» **Recorded data**

-*-

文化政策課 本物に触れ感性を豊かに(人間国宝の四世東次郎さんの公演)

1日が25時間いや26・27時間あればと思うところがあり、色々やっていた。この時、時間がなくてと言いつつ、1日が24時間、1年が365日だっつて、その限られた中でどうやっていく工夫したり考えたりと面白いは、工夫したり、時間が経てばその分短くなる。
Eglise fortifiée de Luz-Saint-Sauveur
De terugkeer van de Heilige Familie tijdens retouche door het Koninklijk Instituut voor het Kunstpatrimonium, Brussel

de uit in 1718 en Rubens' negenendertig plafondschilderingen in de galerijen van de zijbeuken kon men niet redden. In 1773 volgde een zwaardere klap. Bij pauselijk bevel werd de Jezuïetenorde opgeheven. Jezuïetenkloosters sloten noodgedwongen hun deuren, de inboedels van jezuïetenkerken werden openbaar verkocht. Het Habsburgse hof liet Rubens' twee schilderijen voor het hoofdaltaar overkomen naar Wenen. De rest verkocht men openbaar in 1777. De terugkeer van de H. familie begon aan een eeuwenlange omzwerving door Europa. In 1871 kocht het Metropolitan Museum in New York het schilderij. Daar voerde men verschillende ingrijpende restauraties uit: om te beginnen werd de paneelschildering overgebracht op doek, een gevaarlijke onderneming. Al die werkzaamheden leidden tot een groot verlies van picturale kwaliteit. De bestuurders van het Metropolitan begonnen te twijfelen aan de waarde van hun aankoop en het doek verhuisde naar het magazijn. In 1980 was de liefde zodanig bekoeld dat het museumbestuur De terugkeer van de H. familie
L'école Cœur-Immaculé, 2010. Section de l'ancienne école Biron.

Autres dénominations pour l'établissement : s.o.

-*-

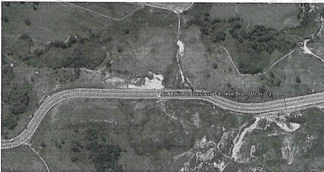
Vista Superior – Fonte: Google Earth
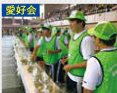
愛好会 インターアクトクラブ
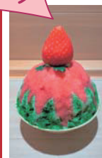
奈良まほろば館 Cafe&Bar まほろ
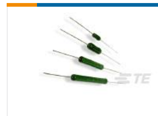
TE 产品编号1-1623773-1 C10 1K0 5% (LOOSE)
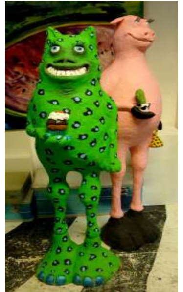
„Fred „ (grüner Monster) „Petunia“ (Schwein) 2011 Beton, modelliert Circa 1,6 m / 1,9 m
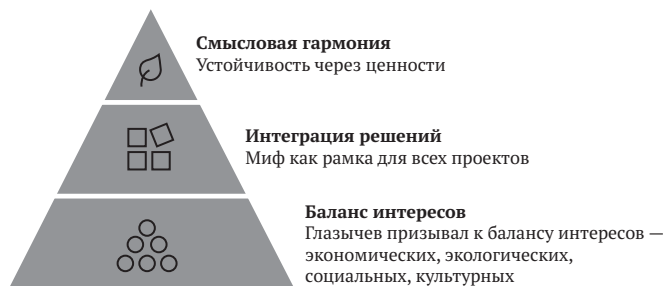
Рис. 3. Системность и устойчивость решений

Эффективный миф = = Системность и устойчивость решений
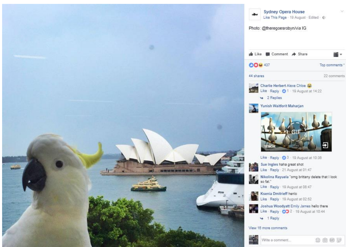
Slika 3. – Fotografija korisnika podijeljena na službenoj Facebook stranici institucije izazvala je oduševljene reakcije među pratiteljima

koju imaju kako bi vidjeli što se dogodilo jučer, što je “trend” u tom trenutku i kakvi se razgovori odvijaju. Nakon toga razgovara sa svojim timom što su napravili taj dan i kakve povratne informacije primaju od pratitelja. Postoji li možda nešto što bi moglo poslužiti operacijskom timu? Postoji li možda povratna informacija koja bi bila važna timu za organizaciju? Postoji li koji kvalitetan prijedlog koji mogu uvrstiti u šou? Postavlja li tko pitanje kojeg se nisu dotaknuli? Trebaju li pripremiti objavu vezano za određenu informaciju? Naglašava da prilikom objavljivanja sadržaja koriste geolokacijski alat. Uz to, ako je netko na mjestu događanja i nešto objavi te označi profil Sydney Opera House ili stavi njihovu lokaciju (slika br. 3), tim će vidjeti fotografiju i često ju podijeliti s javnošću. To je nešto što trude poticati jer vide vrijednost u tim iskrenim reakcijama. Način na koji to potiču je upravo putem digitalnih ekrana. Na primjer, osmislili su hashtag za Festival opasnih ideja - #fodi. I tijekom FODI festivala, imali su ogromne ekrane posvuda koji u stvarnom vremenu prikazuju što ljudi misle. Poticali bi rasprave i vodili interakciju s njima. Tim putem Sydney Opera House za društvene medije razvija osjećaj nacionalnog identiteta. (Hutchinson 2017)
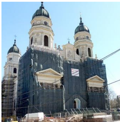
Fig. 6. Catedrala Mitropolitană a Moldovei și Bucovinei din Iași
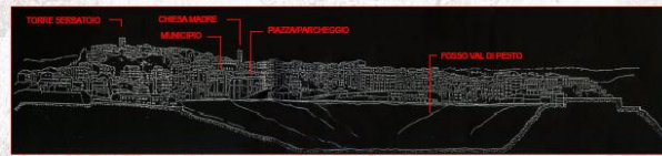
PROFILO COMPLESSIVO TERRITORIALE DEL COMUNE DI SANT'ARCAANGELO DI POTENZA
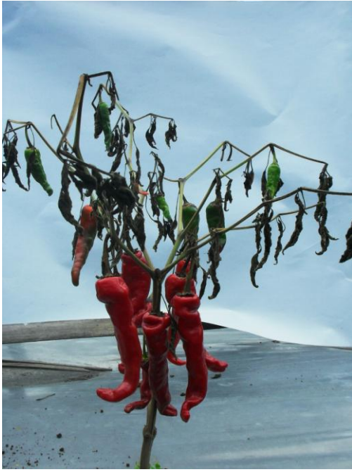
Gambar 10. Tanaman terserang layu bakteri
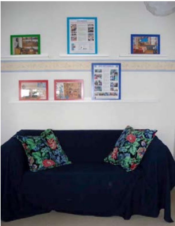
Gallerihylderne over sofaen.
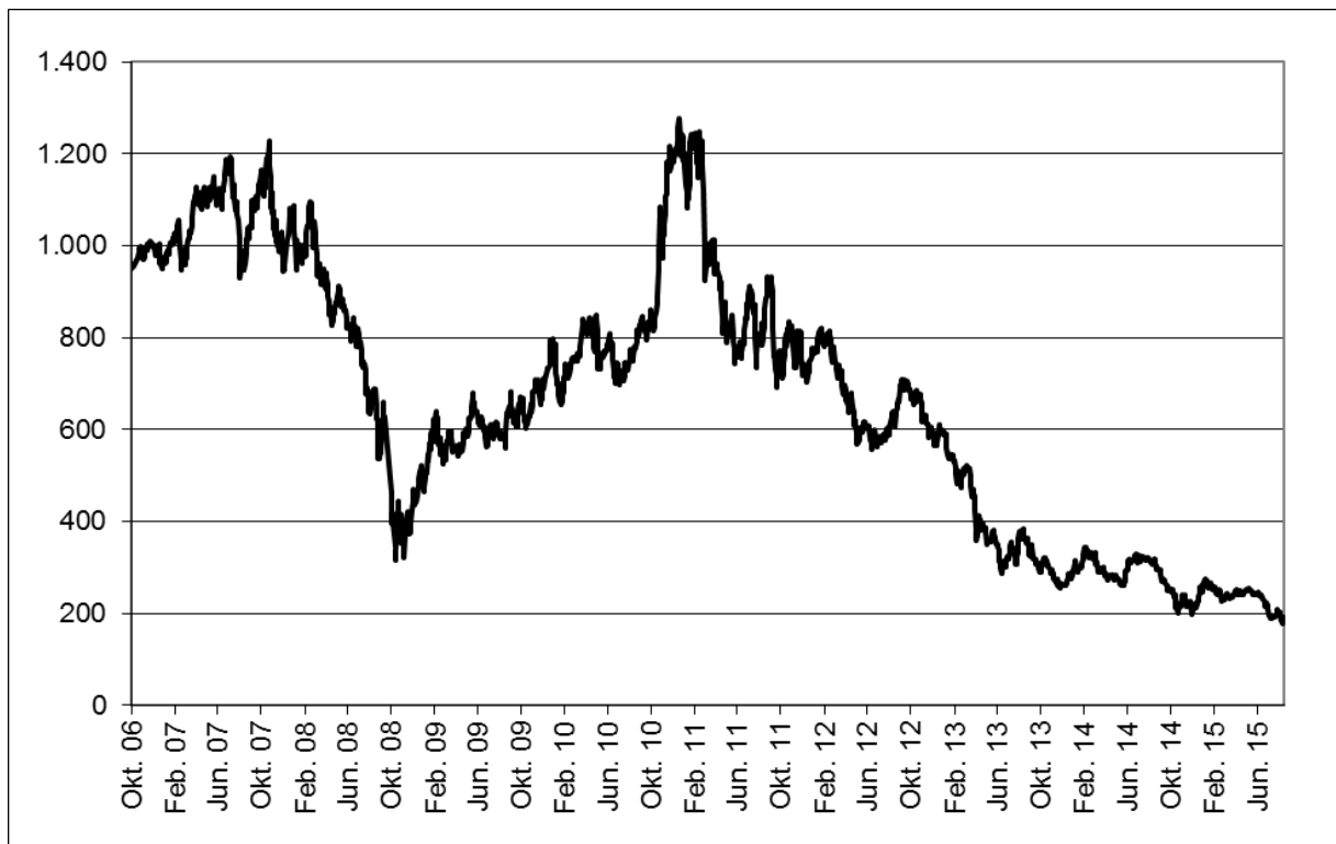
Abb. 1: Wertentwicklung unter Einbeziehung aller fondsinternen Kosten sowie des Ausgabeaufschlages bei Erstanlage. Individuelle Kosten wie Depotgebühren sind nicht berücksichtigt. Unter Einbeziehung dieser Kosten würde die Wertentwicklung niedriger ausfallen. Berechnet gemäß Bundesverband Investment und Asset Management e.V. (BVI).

-*-

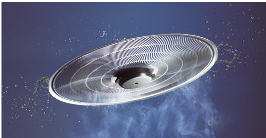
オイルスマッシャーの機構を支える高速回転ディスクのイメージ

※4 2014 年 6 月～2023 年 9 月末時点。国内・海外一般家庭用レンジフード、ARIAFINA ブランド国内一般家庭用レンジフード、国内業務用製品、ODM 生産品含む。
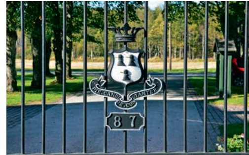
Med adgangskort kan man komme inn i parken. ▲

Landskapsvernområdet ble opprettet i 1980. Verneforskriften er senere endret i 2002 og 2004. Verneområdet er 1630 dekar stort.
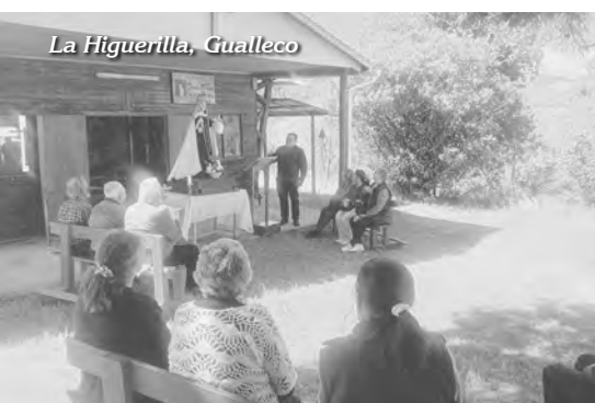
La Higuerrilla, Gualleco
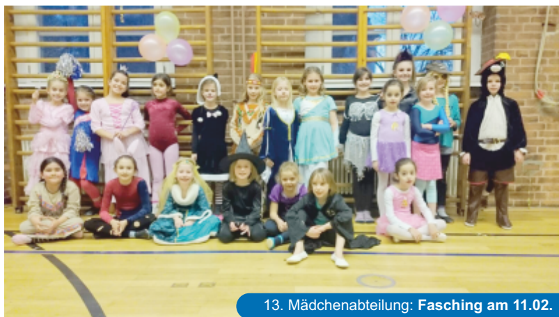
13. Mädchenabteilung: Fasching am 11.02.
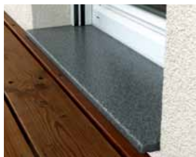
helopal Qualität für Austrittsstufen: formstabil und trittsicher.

-*-

» **What is expected**
Scan the entries for the word "Системность". Report each line that has it.

» **Written answer**
Рис. 3. Системность и устойчивость решений
Эффективный миф = = Системность и устойчивость решений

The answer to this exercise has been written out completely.